YOUR GOAL:
Once you reach the line with "As per Table" in the material below, copy each line exactly up to and including the line with "Gruppe wandert mit", and skip the pictures.

EXERCISE MATERIALS:
========================================================================
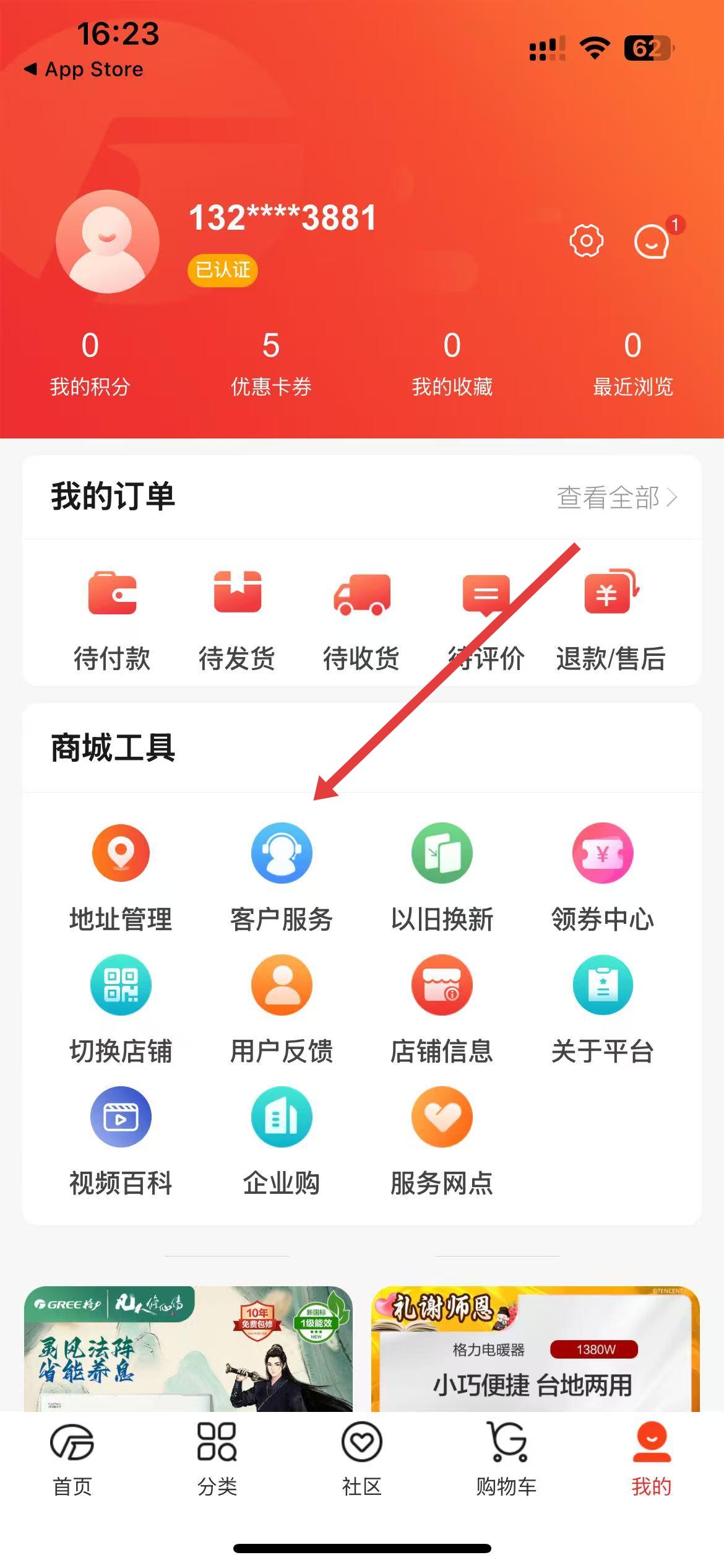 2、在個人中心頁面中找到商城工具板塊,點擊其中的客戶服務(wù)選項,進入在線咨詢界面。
========================================================================
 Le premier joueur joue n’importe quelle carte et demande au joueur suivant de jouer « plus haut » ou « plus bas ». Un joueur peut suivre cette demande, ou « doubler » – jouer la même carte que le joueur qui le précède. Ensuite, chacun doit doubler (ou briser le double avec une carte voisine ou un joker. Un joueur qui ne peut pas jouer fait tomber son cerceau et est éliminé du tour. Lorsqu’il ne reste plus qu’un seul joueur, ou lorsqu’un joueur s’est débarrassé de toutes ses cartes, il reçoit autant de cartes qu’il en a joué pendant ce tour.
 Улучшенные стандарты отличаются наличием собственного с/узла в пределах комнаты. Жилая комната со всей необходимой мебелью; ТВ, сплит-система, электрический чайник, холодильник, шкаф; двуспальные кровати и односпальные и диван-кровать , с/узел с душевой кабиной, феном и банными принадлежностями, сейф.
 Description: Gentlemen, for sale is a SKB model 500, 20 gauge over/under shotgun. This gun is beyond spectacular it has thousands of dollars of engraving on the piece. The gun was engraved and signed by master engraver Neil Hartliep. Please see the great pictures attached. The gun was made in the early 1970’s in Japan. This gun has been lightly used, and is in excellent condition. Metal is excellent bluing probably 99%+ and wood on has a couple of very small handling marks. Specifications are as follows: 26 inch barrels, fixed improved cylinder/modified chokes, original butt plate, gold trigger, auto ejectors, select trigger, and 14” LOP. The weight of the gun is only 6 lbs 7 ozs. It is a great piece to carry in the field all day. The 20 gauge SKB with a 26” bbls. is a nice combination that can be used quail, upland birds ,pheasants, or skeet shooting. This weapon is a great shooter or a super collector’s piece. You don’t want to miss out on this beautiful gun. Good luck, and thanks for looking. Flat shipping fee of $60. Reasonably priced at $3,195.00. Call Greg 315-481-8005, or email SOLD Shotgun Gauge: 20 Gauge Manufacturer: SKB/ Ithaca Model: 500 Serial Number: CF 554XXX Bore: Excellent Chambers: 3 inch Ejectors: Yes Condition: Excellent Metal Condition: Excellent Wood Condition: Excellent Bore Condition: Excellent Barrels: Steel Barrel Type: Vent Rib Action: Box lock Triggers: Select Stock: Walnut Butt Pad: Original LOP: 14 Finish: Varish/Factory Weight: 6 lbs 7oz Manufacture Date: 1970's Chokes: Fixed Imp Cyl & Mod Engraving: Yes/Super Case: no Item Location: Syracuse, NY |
========================================================================
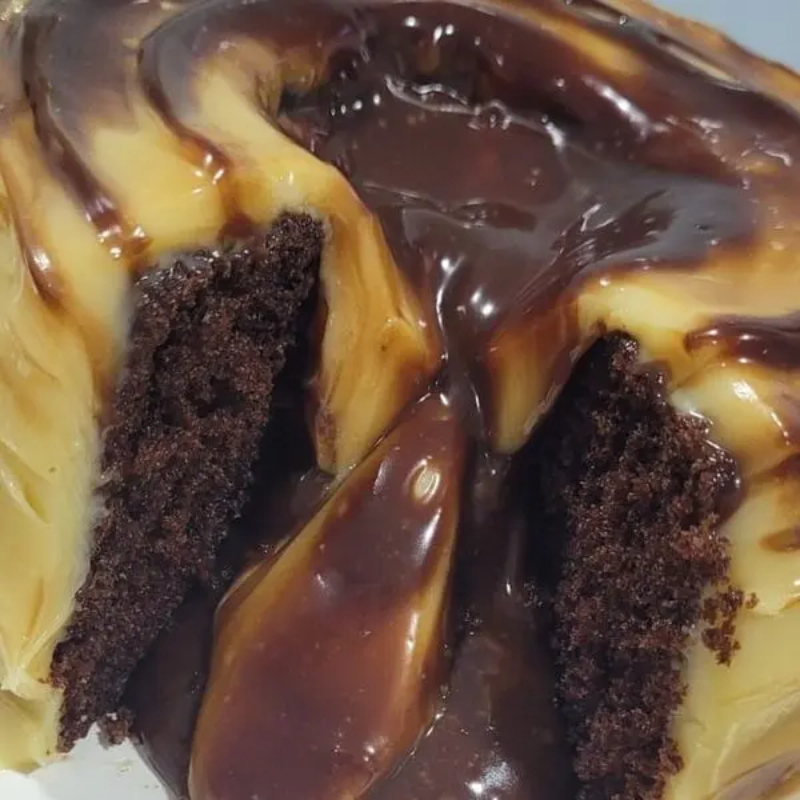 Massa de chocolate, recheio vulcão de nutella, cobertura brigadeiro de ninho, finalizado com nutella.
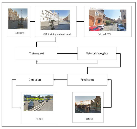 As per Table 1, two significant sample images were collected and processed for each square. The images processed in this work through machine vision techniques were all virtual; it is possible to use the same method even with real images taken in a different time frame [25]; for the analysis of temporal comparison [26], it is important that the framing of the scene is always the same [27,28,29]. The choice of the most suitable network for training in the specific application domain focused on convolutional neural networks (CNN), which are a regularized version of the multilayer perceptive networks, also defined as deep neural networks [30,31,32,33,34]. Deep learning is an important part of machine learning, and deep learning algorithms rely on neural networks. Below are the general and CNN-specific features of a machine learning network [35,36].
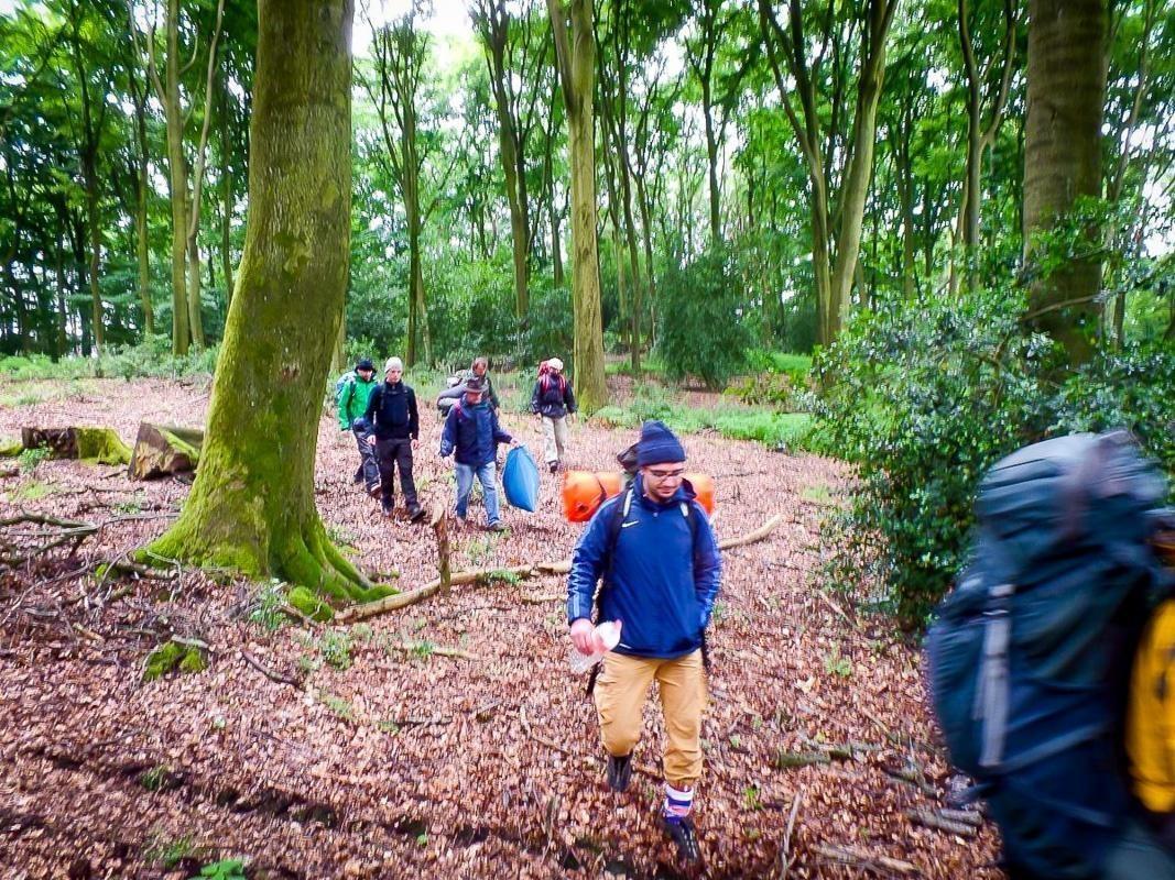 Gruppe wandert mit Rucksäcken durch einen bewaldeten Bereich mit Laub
========================================================================
OUTPUT:
 As per Table 1, two significant sample images were collected and processed for each square. The images processed in this work through machine vision techniques were all virtual; it is possible to use the same method even with real images taken in a different time frame [25]; for the analysis of temporal comparison [26], it is important that the framing of the scene is always the same [27,28,29]. The choice of the most suitable network for training in the specific application domain focused on convolutional neural networks (CNN), which are a regularized version of the multilayer perceptive networks, also defined as deep neural networks [30,31,32,33,34]. Deep learning is an important part of machine learning, and deep learning algorithms rely on neural networks. Below are the general and CNN-specific features of a machine learning network [35,36].
 Gruppe wandert mit Rucksäcken durch einen bewaldeten Bereich mit Laub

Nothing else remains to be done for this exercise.